MEMORANDUM OPINION AND ORDER
REBECCA R. PALLMEYER, United States District Judge
Plaintiffs Gary Boltinghouse, Jr., Robert Taylor, and Mark Canales worked as “field service specialists” for Defendant Abbott Laboratories, Inc. (“Abbott”). Plaintiffs allege that Abbott violated the Fair Labor Standards Act (“FLSA”), 29 U.S.C. § 201 et seq., by failing to pay them, and other similarly situated employees, for overtime work.

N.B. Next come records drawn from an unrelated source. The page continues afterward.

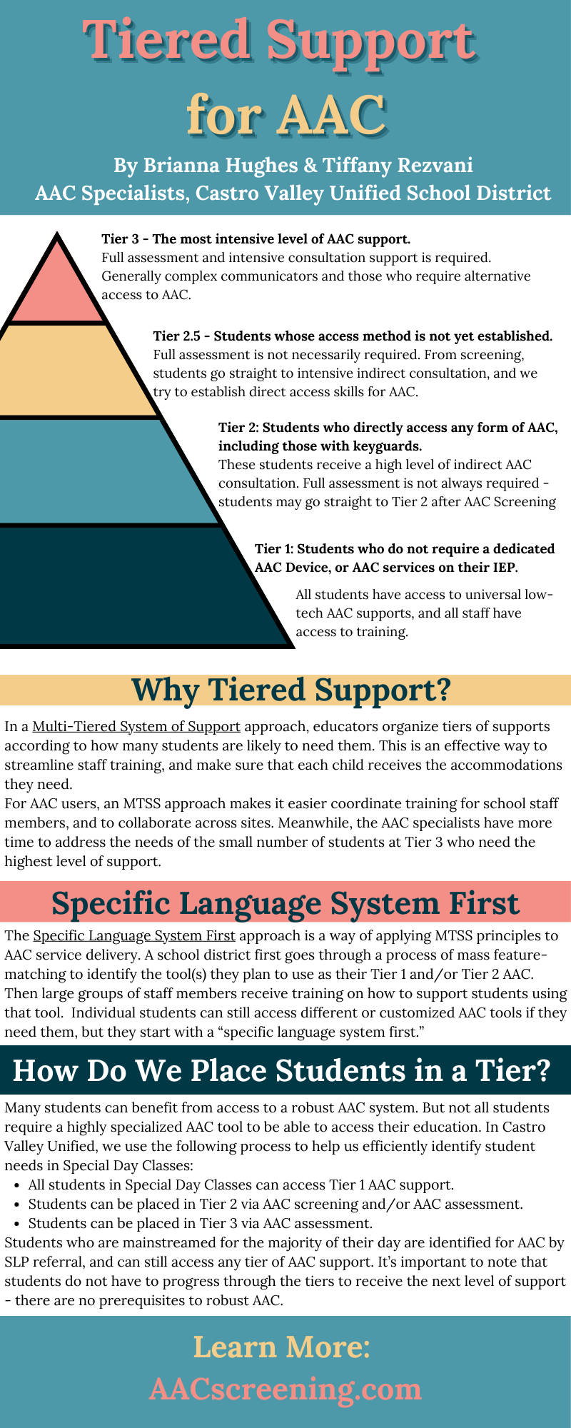 Our AAC Screening is a method of quickly identifying the types of communication support that would benefit a particular child. More specifically, we use it to help us find children within a public school district, ages 3-5, who would benefit from a high-tech speech-generating device. We use this tool in the context of a multi-tiered system of support for AAC, ensuring that all decisions about accommodations are made by the IEP team and documented carefully. AAC Screening has benefits for kids, families, and professionals!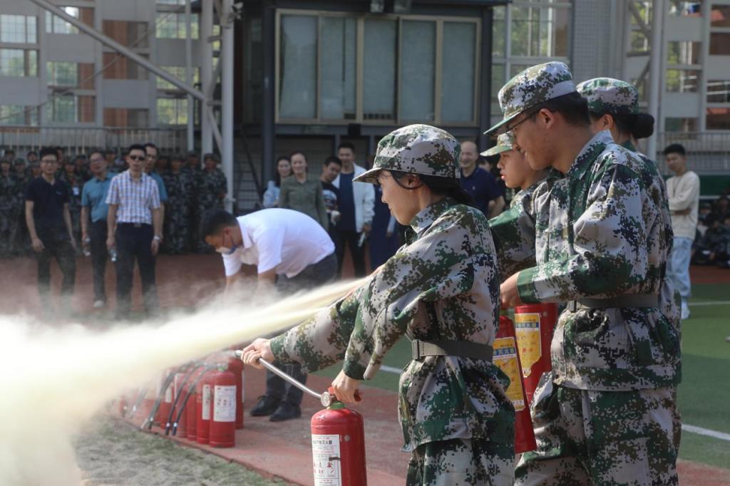 新生代表在教官的指导下,使用灭火器进行实操,并分组依次进入烟道进行模拟逃生活动。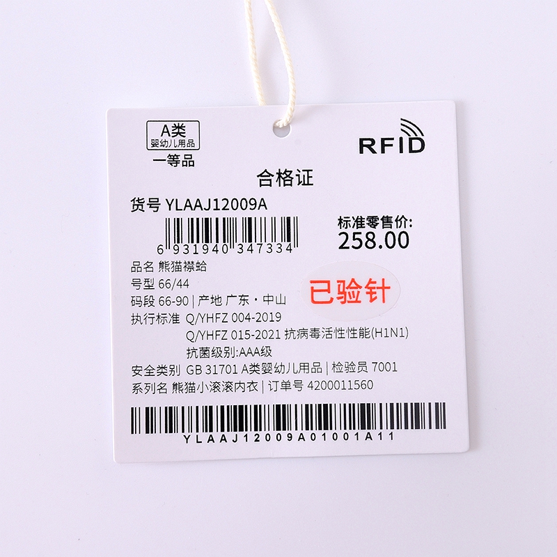 英氏-内衣类(春)F2熊猫襟蛤英氏白73CM

Plaintiffs now move for conditional class certification and court-authorized notice under the FLSA. As explained here, the court grants the motion for conditional certification [35] and authorizes Plaintiffs to proceed with notice to potential collective action members.
FACTUAL BACKGROUND
Plaintiffs filed this putative collective action on July 16, 2015, alleging that Defendant misclassified them and all other individuals who were employed by Defendant as field service specialists, denying them overtime compensation in violation of the FLSA. (Pis.’ Mem. of Law in Supp. of Mot. for Cond’l Class Cert., Doc. 36, 2-3.) Plaintiffs contend they performed non-exempt work, but that Defendants knowingly misclassified them as performing exempt work and failed to maintain an accurate record of hours worked, as required by federal regulations. (Compl., Doc. 1, ¶¶ 18-25, 33.) Plaintiffs propose a class definition of:
All persons who worked as field service specialists (also referred to as core lab specialists, prism specialists, hematology support specialists, or other job titles performing similar duties) for Abbott Laboratories, Inc. at any time since three years prior to the filing of this Complaint.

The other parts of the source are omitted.